James Corless, the director of T4America, says the big challenge for coming decades will be developing and funding a program to build “the second half” of the transportation system--the intercity trains, light rail and bus lines, and walking and biking infrastructure that have lagged over the years--while maintaining and maximizing the efficiency of existing highways, bridges, and transit lines. Such steps will make communities more livable, helping to address the pent-up demand for real estate with good access to transportation options. Some major policy questions include:

  • How to meet the pent-up demand for public transit, particularly rail, rapid bus and streetcar projects, many of which have local funding but must wait years for their federal match;
  • How to give metropolitan areas the latitude to solve their congestion and mobility issues, while holding them accountable for being fair and inclusive and making timely progress on national goals;
  • How better to serve rural areas and small towns, which were especially hard hit when gas prices soared, and whose chronically underfunded bus and shuttle services leave many stranded;
  • How finally to start to coordinate development and growth patterns with transportation investment, to ensure that people can find homes near jobs, that highways don’t become overburdened by bad planning, and that we make the most of transit investments; and
  • How to streamline the programs and delivery systems--the transport agencies at all levels who must implement the new vision--so that projects get built quickly, yet still according to smart planning.

And the biggie, of course: How to pay for it all.

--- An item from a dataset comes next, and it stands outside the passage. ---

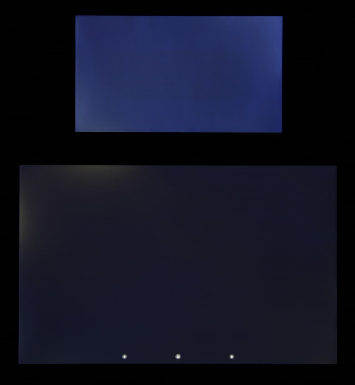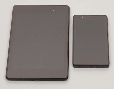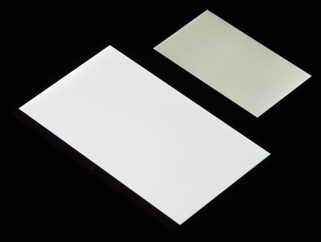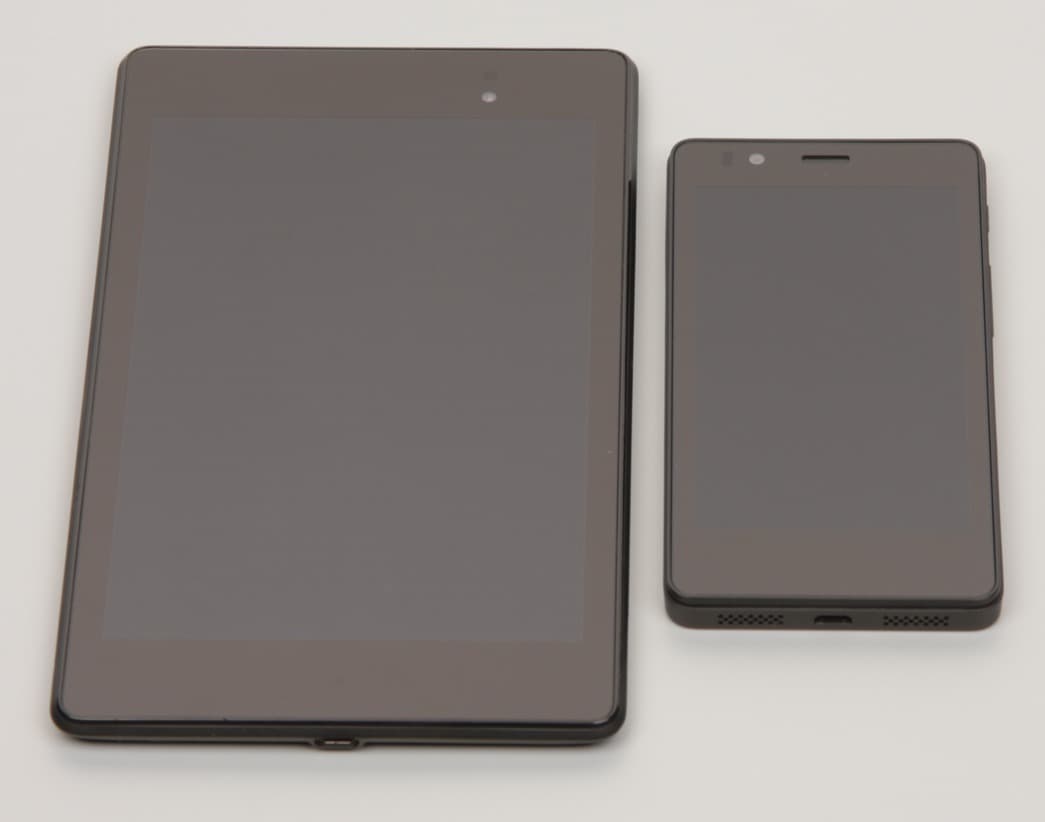 Лицевая поверхность экрана выполнена в виде стеклянной пластины с зеркально-гладкой поверхностью, устойчивой к появлению царапин. Судя по отражению объектов антибликовые свойства экрана не хуже, чем у экрана Google Nexus 7 (2013) (далее просто Nexus 7). Для наглядности приведем фотографию, на которой в выключенных экранах отражается белая поверхность (слева — Nexus 7, справа — BQ Aquaris E4.5, далее их можно различать по размеру):

“This is the first time we’ve gone into an authorization debate with the highway trust fund insolvent,” notes John Horsley, executive director of AASHTO, the association of state departments of transportation. “Usually there have been reserves deep enough that congress could take its time and keep extending the existing law till they reached agreement.” But even as the insolvency question adds to the urgency: “There is a desire by the White House and the Congressional leadership to make a transformational bill.”

Horsley says he thinks Congress should debate a vision and establish funding authorizations at a level sufficient to fulfill it, an estimated half-trillion dollars (nearly double the current level), then work through the politics of actually raising the money in the next couple of years. The bill itself should encourage experimentation with new funding sources: charging a “vehicle-miles traveled” tax based on how much you drive, rather than how much fuel you buy; funding some rail transit projects by recapturing increased land values; charging “congestion tolls” for those driving at peak times; and plowing that money into providing alternative modes of travel in the same corridor.

Whatever the mechanism, Corless says, Americans are likely to pay if it results in giving them cleaner, smarter, cheaper, and more convenient options.

“In the end, you should still be able to choose to drive,” he says, “but it shouldn’t be your only option.”